Why Filing Your Taxes at the Last Minute Isn’t Always a Bad Thing
You promised yourself that this would be the year you did your taxes early — that the second you received all of the documents you needed, you would submit your returns, collect your refund and put the matter to bed before the slackers and procrastinators even decided which software to use.
Tax Day, however, is now days away instead of weeks away; and, once again, you’re stressed out and staring down the IRS’s filing deadline.
Relax — but only for a moment.
Not only do you still have time to get across the finish line, but you might have actually done yourself a favor by putting off the inevitable until the last possible moment.
Here’s why waiting until the 11th hour could wind up working in your favor.
It’s Time To Hustle, Not To Panic
The calendar gods gifted the American taxpayer with three extra days to sort out their W-2s and 1099s this year. While April 18 is undeniably better than April 15, anyone who hasn’t filed yet is certainly feeling the heat — but they shouldn’t let it burn them up.
“For many people, the impending tax deadline brings with it a sense of uncertainty, anxiety and the dreaded what-ifs,” said CPA and MBA Tatiana Tsoir. “‘What if I forget to claim something? What if I end up owing? What if I made an error on my forms?’ Or even: ‘What if I have missing money I can claim?'”
Those are all serious questions and perfectly understandable concerns, but stressing over them only increases the likelihood of making avoidable mistakes.
Relax. There’s still time.
“Waiting until the last minute does not mean you need to panic,” Tsoir said. “Take your time and make sure that you have everything lined up and ready to go before you send it. Worst-case scenario, you apply for an extension.”
The Longer You Wait, the Less Likely You’ll Miss a Form
The stress of waiting until the last minute is nothing compared to the stress of receiving an unexpected document after you already have filed your taxes. If a straggler form or two does trickle in after you’ve already punted to the IRS, you’ll have to exhume your returns, recalculate and file a Form 1040-X.
That will leave you wishing that you had waited.
“The biggest benefit of waiting to file your taxes is to allow more time for you to complete your paperwork and receive late or corrected tax forms,” said Shelli Woodward, a tax analyst with Merchant Maverick. “Sometimes tax forms are lost in the mail or are incorrect, and they have to be revised and resent. If you filed before having these forms, it could require an amended tax return to be filed.”
Waiting longer than you might have planned also gives you time to check and double-check the forms you’ve already received while making sure you’ve dotted all your I’s and crossed all your T’s.

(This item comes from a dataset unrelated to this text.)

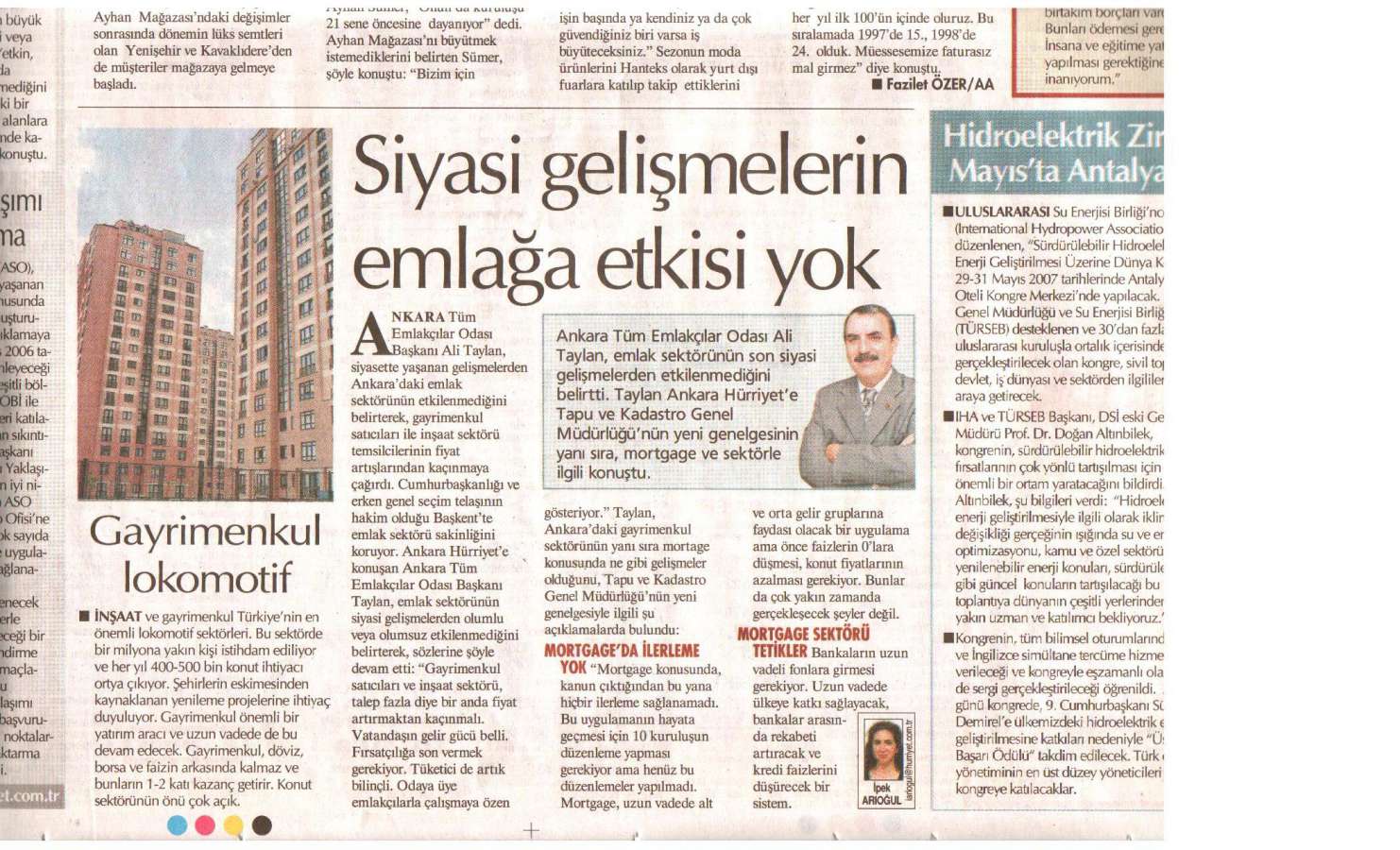 TEMFED TÜM EMLAK MÜŞAVİRLERİ FEDERASYONU,14, Mayıs, 2007, Hürriyet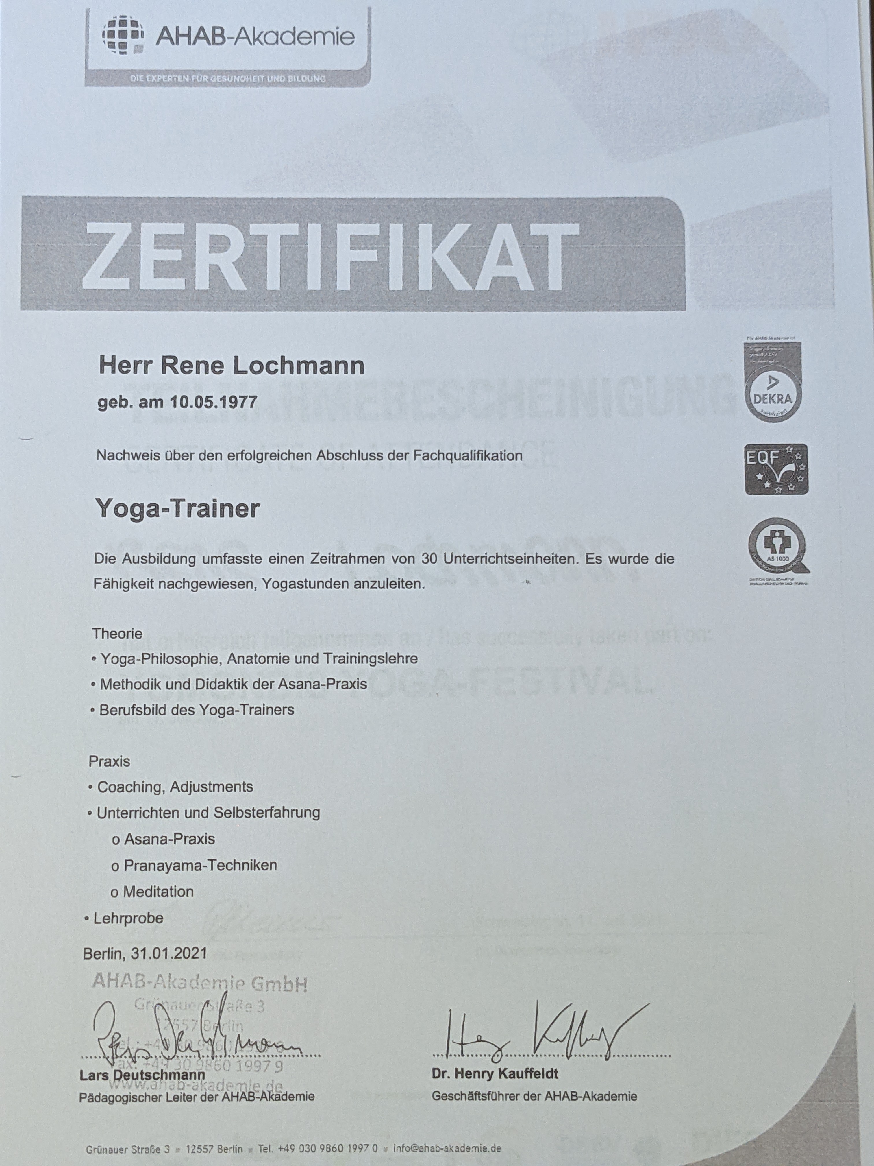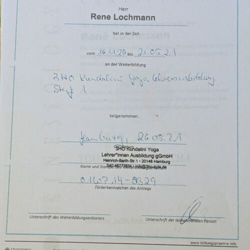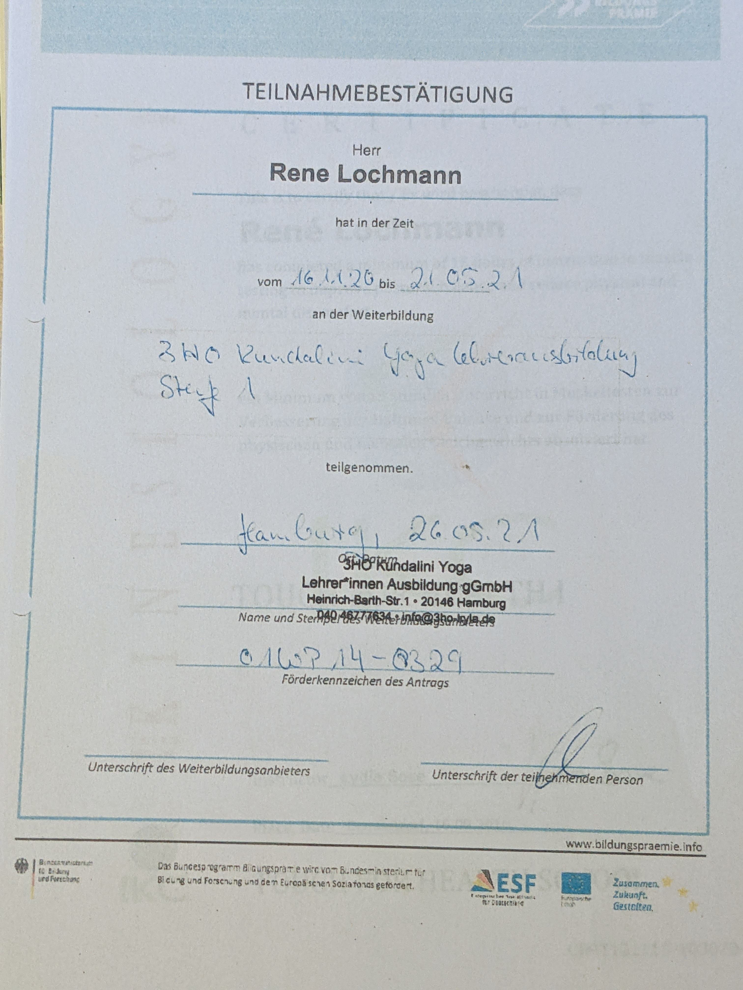 - Ausbildung zum Kundalini Yogalehrer (3HO Hamburg)

“The longer you wait, the more the time you get to review and audit your accounts,” said financial advisor and tax advisor Adam Ng, who worked as a CPA for Absolute Financial Solutions before he founded his own company, Trusted. “Besides, this time can also be well utilized to gather crucial information about deductions and exemptions.”
It Might Be Easier To Get Professional Help
Common wisdom says good tax pros become more expensive and harder to find the closer you get to Tax Day — and that’s true in a lot of cases, but not all. With the vast majority of returns already filed, many tax professionals are just now beginning to see some daylight in their appointment books.
“Delaying until the last minute to file your taxes is a great way to hold off first if you are looking to shop around for tax experts,” said Lucia Jensen, CEO and co-founder of WeLoans. “The beginning of tax season often limits the options of tax experts available, as most of them will not promote their services early on.
“However, towards the close of tax season, you will get more options from friends and family who have filed their taxes and social media suggestions. This pause in the tax filing process allows you to evaluate several tax experts, their costs and who makes a long-term fit for your business and personal taxes.”
Whether you seek professional help or file on your own, the important thing is to remember that, despite the looming deadline, panic only leads to mistakes.
“I like to remind people that taxes do not need to be a source of unbearable stress for consumers,” Tsoir said. “Take a breath, trust in your tax professionals and know that there a very few mistakes that can’t be remedied should the need arise.”